Whistle Stop opens
I wanted to do something that Pea Ridge could be proud of, too.
Passing through the doors of Whistle Stop Cellars in Pea Ridge, it is almost as if one has gone back in time as the ambience of a turn-of-the-century mercantile meets the eye.
Walls are lined with shelves of bottles of wine and other liquors, coolers are on another wall.
The building, originally designed to resemble a 19th century railroad station, sat half empty for years. It has been purchased and restored, a drive-through window added, and the western portion of the building now houses the liquor store.
Walls, shelves and trim in three shades of gray, accented by an antique brick wall sporting freefloating shelves of 100-year-old wood behind wide, 14-foot-long pecan-wood counters invite customers into the store.
A towering dumb waiter made of yellow pine and housing an antique counterweight and flywheel from the 1890s provides a means of transporting product from the ground level to the mezzanine.
“I like old things,” said store developer Shane Perry. “Everything I did was to try to make it like an old store.
“I like to incorporate the old and the new. I like simplicity,” he said.
Hay trolleys from various barns in the Midwest are hung from an I-beam above the wide pecan countertops. Silver-tipped light bulbs replicate old light bulbs.
A five-door cooler with craft beer, Miller and Coors products (premium brands), AnheuserBusch, singles, is on the east wall. There is a cooler built for a customer to walk into to shop for large cases. There is another cooler with chilled wine and cold, ready-to-drink products such as wine and wine coolers.

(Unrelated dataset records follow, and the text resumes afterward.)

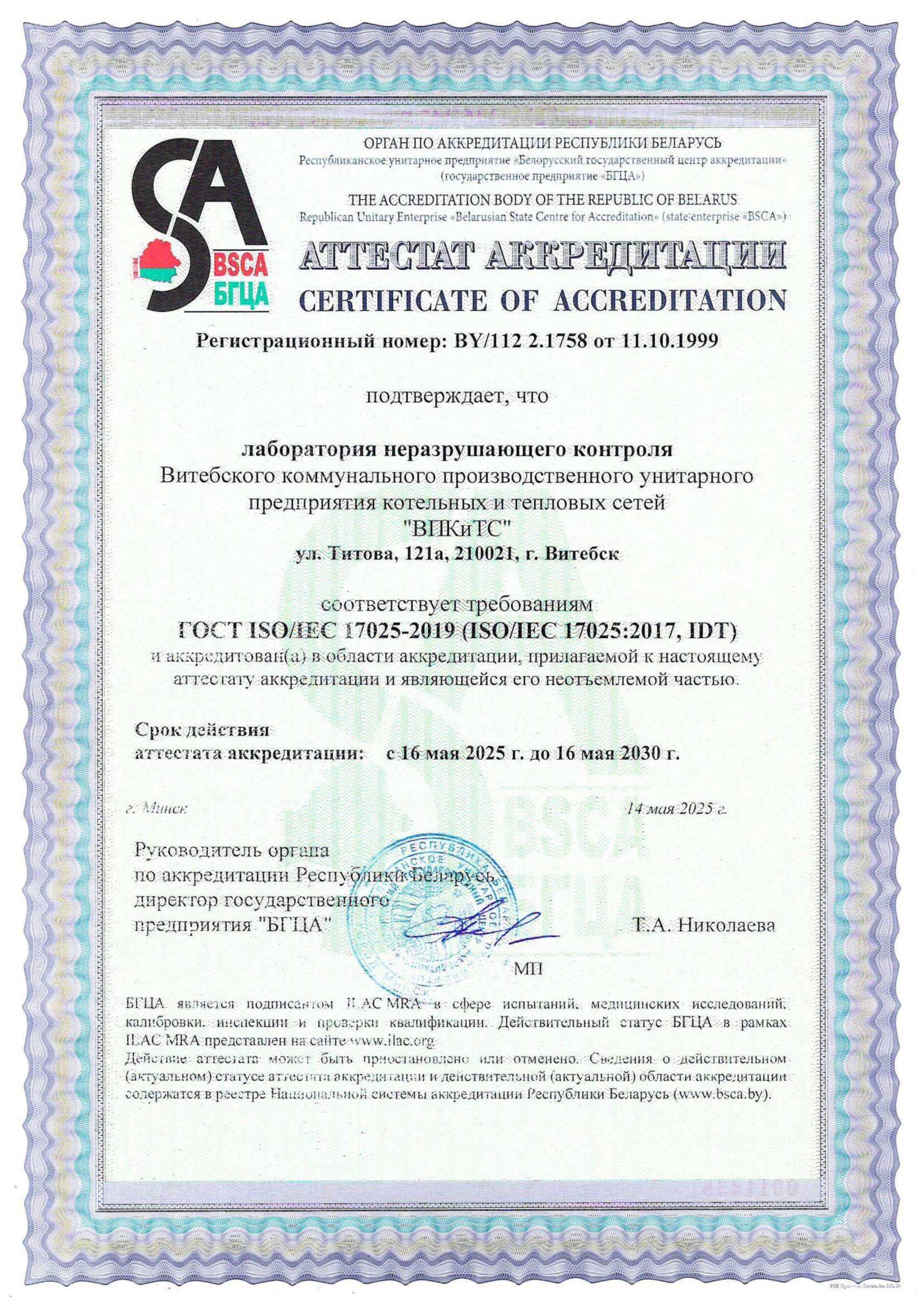 Лаборатория аккредитована на техническую компетентность в соответствии с требованиями ГОСТ ISO/IEC 17025-2019 (переход на новую версию основополагающего стандарта осуществлен 16.05.2020г.). Аттестат аккредитации BY/112 2.1758 от 11.10.1999 г. Актуальную информацию по аттестату аккредитации можно найти в Реестре Национальной системы аккредитации Республики Беларусь в разделе Аккредитованные испытательные лаборатории.
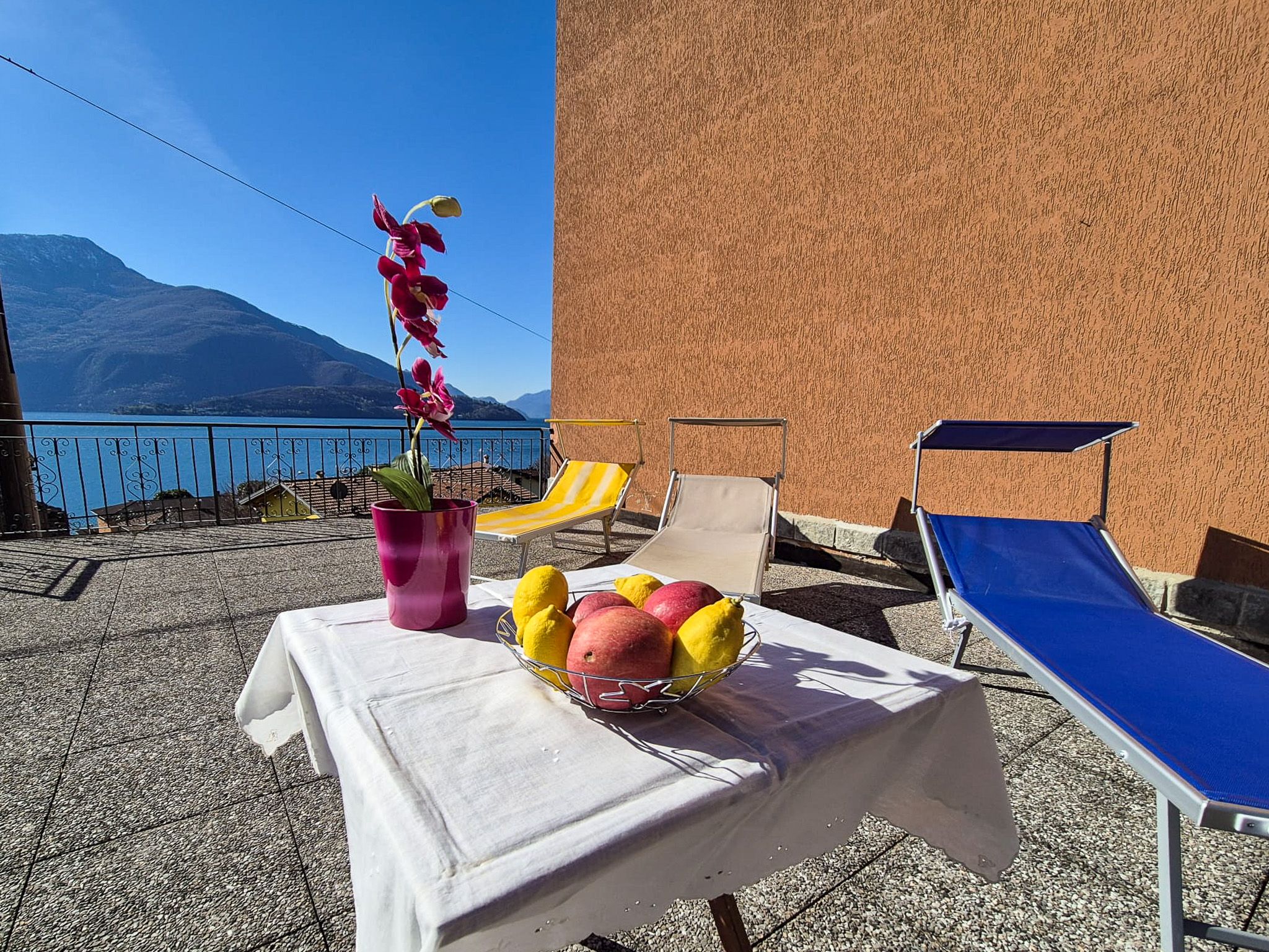Guests are welcome to use the garden. At the front of the flat, the balcony with a dining table invites you to linger and offers a stunning... panoramic view of the lake and mountains. To the side, there is a larger terrace with sun loungers and space for sunbathing.
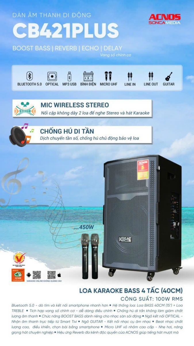 ACNOS CB421PLUS được thiết kế Thùng gỗ sơn gai màu đen, mặt lưới đen gắn kèm bánh xe dễ dàng di chuyển. Hệ thống loa bao gồm 1 loa Bass 4 tấc (40cm) và 1 loa Treble cho âm thanh mạnh mẽ, trầm ấm. Công suất RMS 100W tương đương công suất PMPO lên đến 450W. Micro UHF cao cấp không dây nhẹ hơi, nâng giọng hát karaoke chuyên nghiệp.
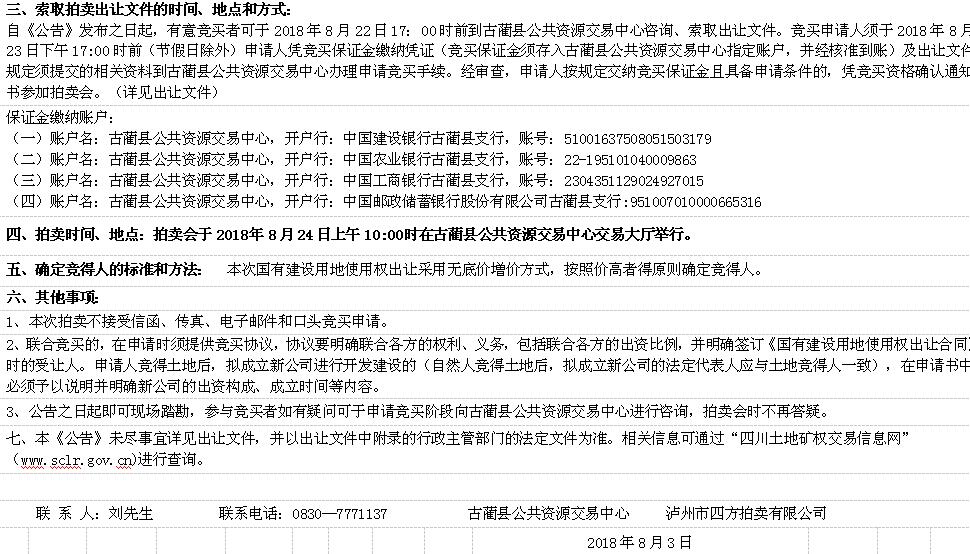古藺縣國有建設(shè)用地使用權(quán)拍賣出讓公告
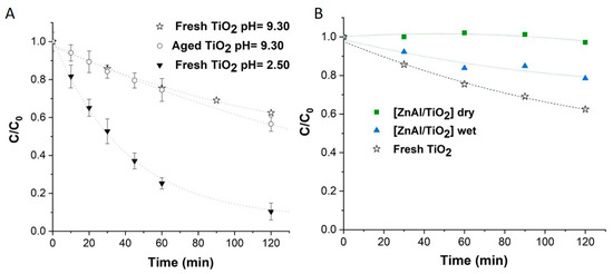 The two nanocomposites obtained by the impregnation of ZnAl LDH matrices noted that [ZnAl/FreshTiO2]2dry and [ZnAl/FreshTiO2]2wet were tested, as shown in Figure 6B. It should be underlined that better degradation results were obtained when the impregnation process was carried out from an undried LDH suspension compared to LDH powder, the latter displaying almost no photoactivity. These results showed that the immobilization of TiO2 was probably more efficient using undried LDH, allowing for a greater surface interaction between the LDH and TiO2 nanoparticles, which led to a higher immobilized amount. However, both samples displayed a reduced photocatalytic efficiency compared to pure TiO2 basic dispersion, which could be explained by a lower quantity of photocatalyst and/or a partial aggregation and decrease in its photo efficiency.
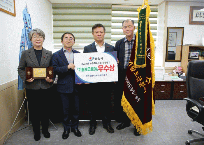 지난 18일 전북특별자치도 농업기술원이 주관한 이번 평가회에서 정읍시 농업기술센터는 식량작물, 소득기술, 작물보호 등 기술보급분야에서 뛰어난 점수를 받아 우수기관상의 영예를 안았다.
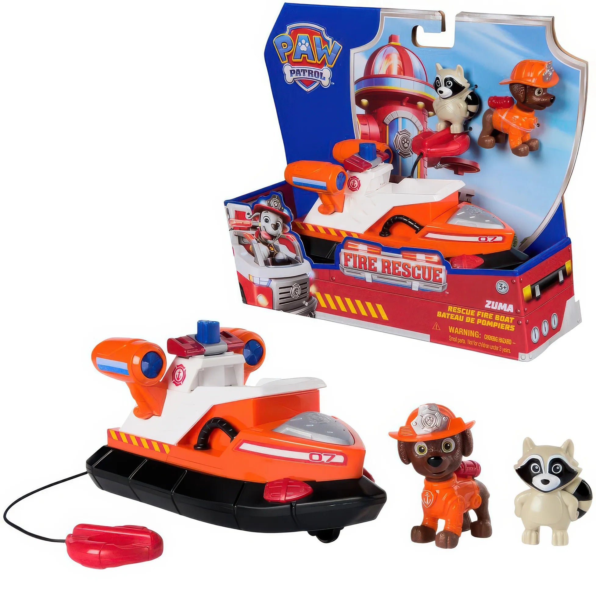 • Contents: 1x PAW Patrol Fire Rescue Fire Boat Vehicle; 1x Zuma Figure; 1x Raccoon Figure
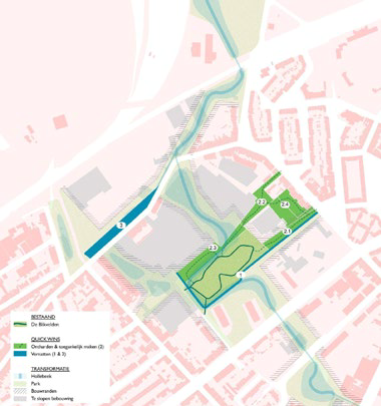 Ook landschapsontwerp en ecologie spelen hun rol. Tien hectare wordt ingericht als overstroombaar park waar water gebufferd wordt en biodiversiteit en ontmoeting floreren. De overige ruimte krijgt een mix van wonen, bedrijvigheid en publieke voorzieningen. Zo groeit een vervuilde plek uit tot een leefbare en weerbare wijk.
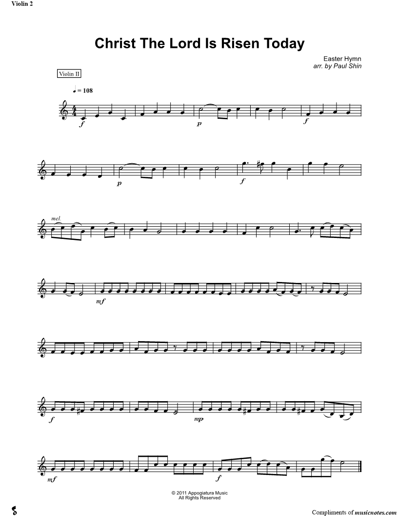 Christ the Lord Is Risen Today - Violin 2 (String Quartet) |
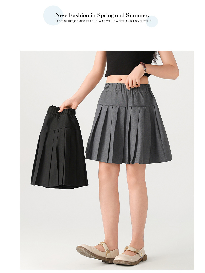 소녀의 주름 치마 플러스 사이즈 여름 대학 스타일 스커트 소녀의 회색 스커트 세트 절반 길이의 큰 소년의 봄과 가을 패션
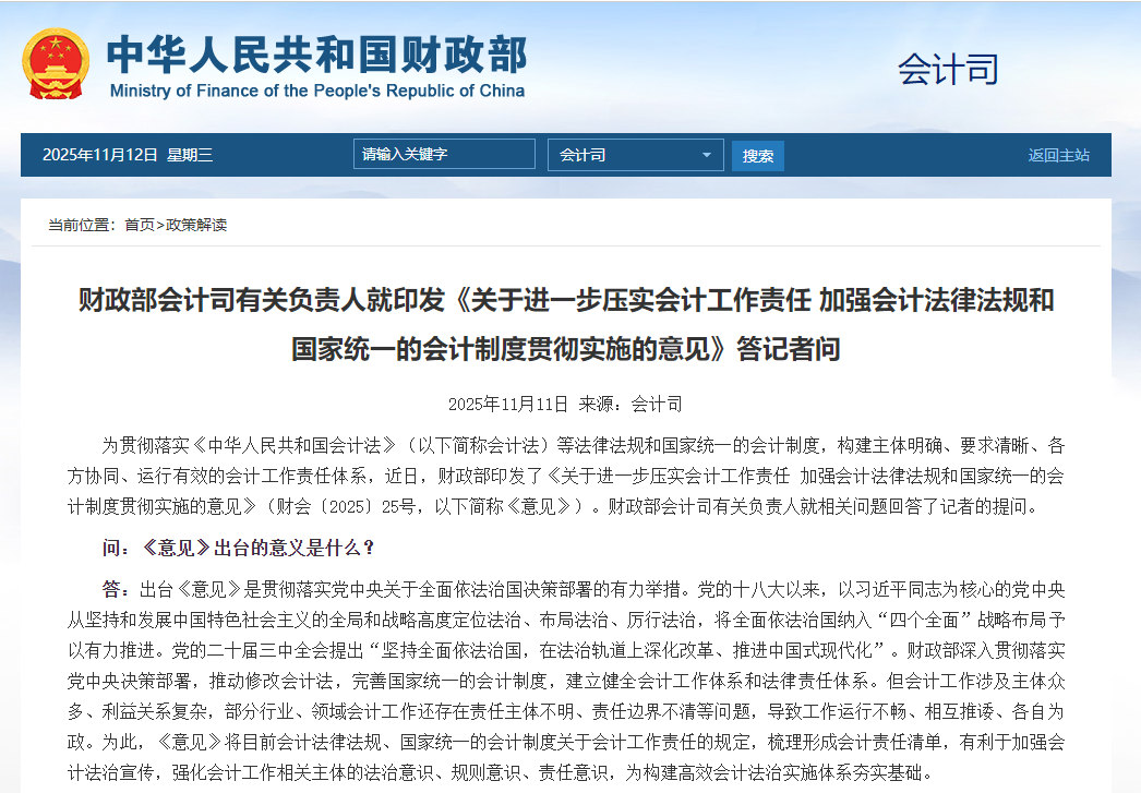 这次财政部发布的《关于进一步压实会计工作责任 加强会计法律法规和国家统一的会计制度贯彻实施的意见》(以下简称《意见》),堪称会计行业的「责任重塑指南」—— 老板、会计、软件商全覆盖!千万别理解为只是我们会计的工作责任,而是三方共同归位尽责!

“I built the mezzanine above the cooler,” Perry said. A small office is also on that upper level.
The 14-foot pecan countertop and shorter tasting bar countertop were created from spalted pecan — wood colored by fungi. The pecan wood, heart and sap wood, was found in a mill in the White River bottoms river valley. The marks from the circular saws are visible as Perry asked that the marks not be planed out. Rick Whitaker, of Pea Ridge, did the wood work in the store. The countertops were oiled with six coats of oil and then topped with two coats of wax, Perry said.
Two 11-foot industrial rolling ladders by the Putnam Ladder Co. were found in an AT&T switching station in New York.
Perry said the store manager is Jason Giess.
Products available include “beer, wine and spirits,” Perry said, adding that he is attempting to mark prices as close as possible to nearby liquor stores. “Taxes are more in Arkansas,” he said, “but we offer service, convenience and keep your dollars in your own community.”
Perry also credited architect Dwight Callaway of Bentonville with much of the design.
“I wanted to do something that Pea Ridge could be proud of, too,” he said.